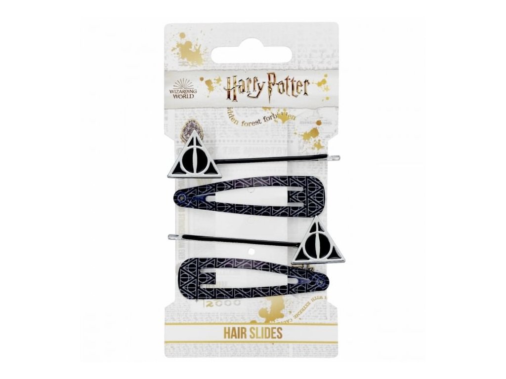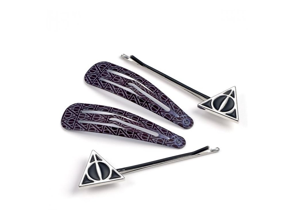 Sada obsahuje dva páry slušivých sponky do vlasů se smyboly Relikvií smrti, známých z příběhů o Harry Potterovi z Bradavic. Skvělý dárek pro fanoušky, který se hodí k oblečení i ke kostýmu.
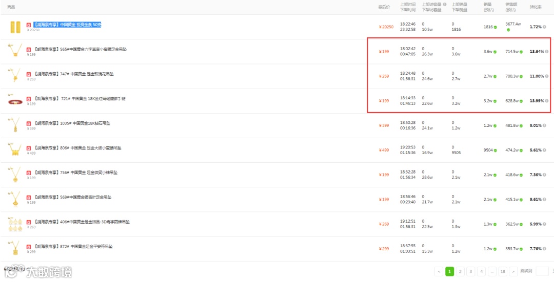 直播上架173件商品,总销量46.9万!其中「胡海泉专享」中国黄金投资金条50克--销售额达3600多万,排名第一,其次就是足金吊坠之类的产品,转化率都是10%以上。
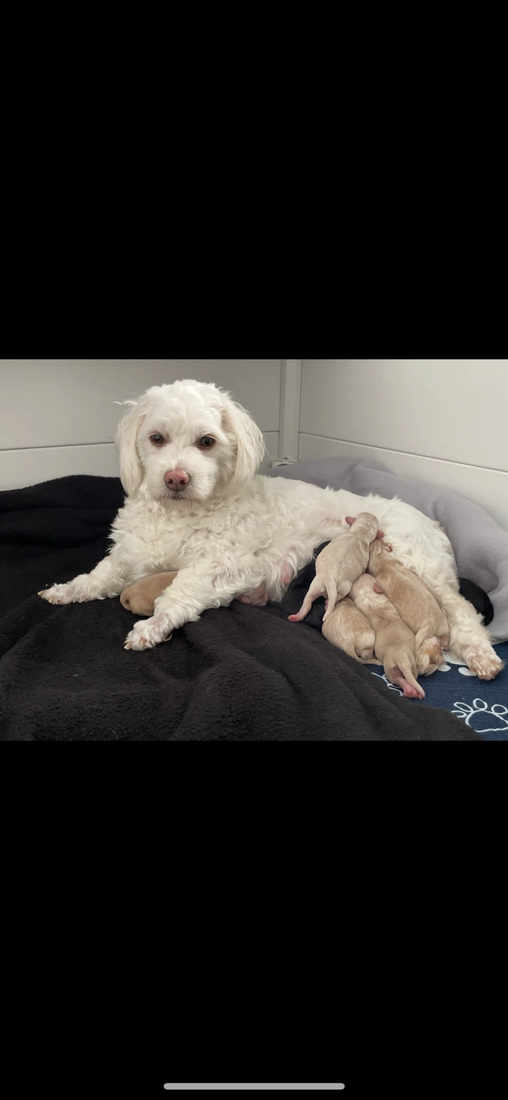 Mother of the puppies is named Blondie and is a Maltese x Shih tzu and is a very sweet nanny dog.
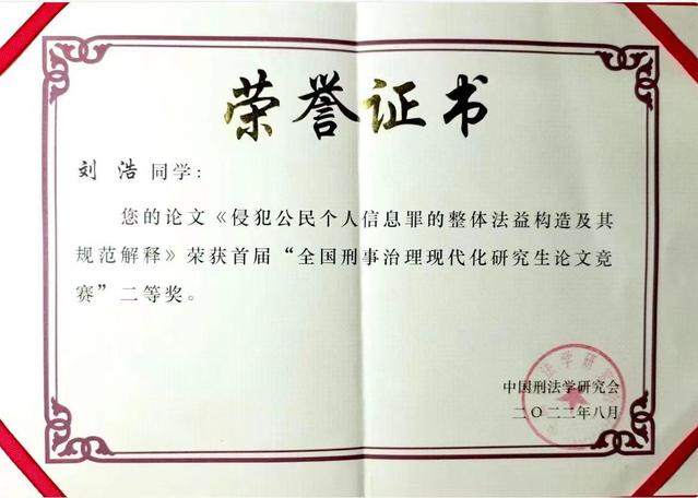 刘浩《侵犯公民个人信息罪的整体法益构建及其规范解释》一文获得本届竞赛二等奖
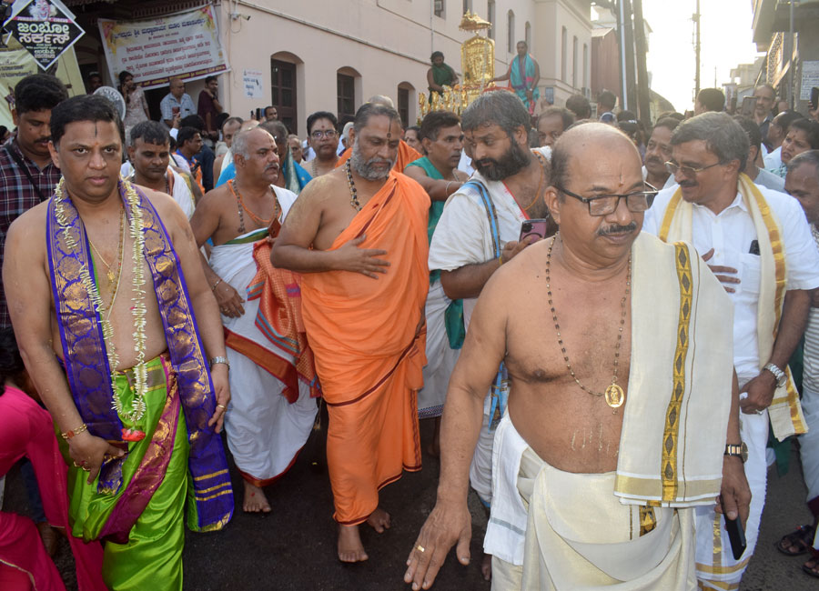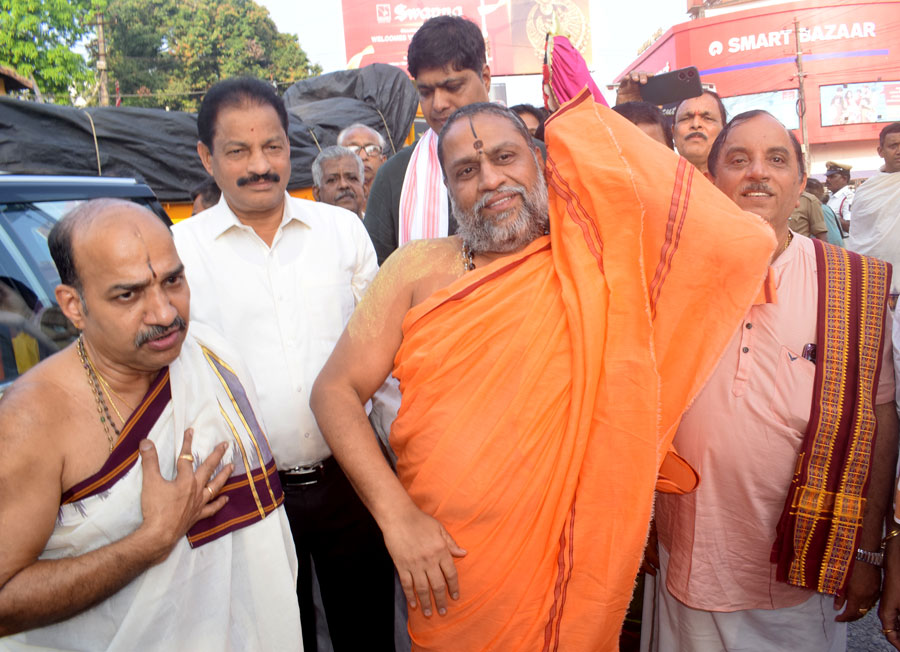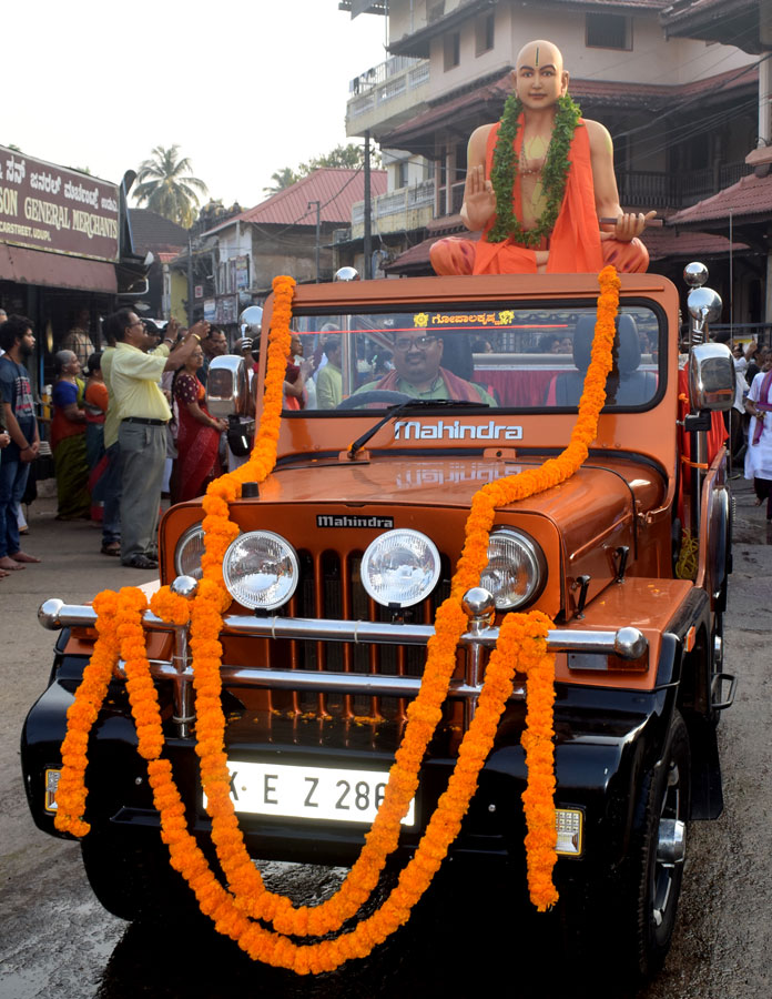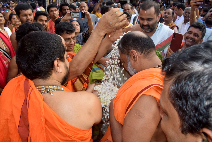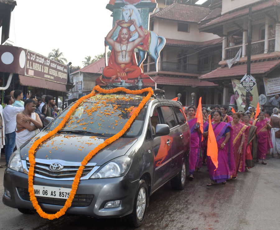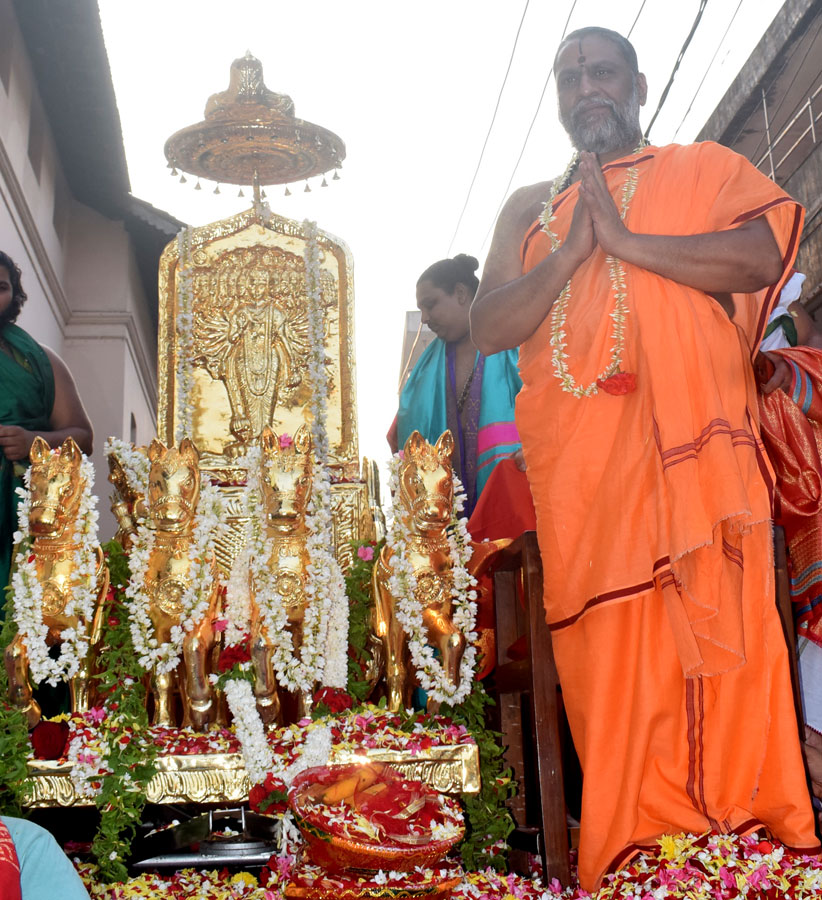 ಮಂತ್ರಾಲಯ ಮಠಾಧೀಶರಾದ ಶ್ರೀ ಸುಬುಧೇಂದ್ರತೀರ್ಥ ಶ್ರೀಪಾದರು ಪುಷ್ಪಾರ್ಚನೆ ಮಾಡುವುದರ ಮೂಲಕ ಮೆರವಣಿಗೆಗೆ ಚಾಲನೆ ನೀಡಿದರು.

◇ ◇ ◇

• _ASSIGNMENT_
Begin at the first line of the records. Print every line through the one containing "刘浩《侵犯公民个人信息罪的整体法益构建及其规范解释》一文获得本届竞赛二等奖" exactly, but skip the pictures.

• _WRITTEN REPLY_
 Sada obsahuje dva páry slušivých sponky do vlasů se smyboly Relikvií smrti, známých z příběhů o Harry Potterovi z Bradavic. Skvělý dárek pro fanoušky, který se hodí k oblečení i ke kostýmu.
 直播上架173件商品,总销量46.9万!其中「胡海泉专享」中国黄金投资金条50克--销售额达3600多万,排名第一,其次就是足金吊坠之类的产品,转化率都是10%以上。
 Mother of the puppies is named Blondie and is a Maltese x Shih tzu and is a very sweet nanny dog.
 刘浩《侵犯公民个人信息罪的整体法益构建及其规范解释》一文获得本届竞赛二等奖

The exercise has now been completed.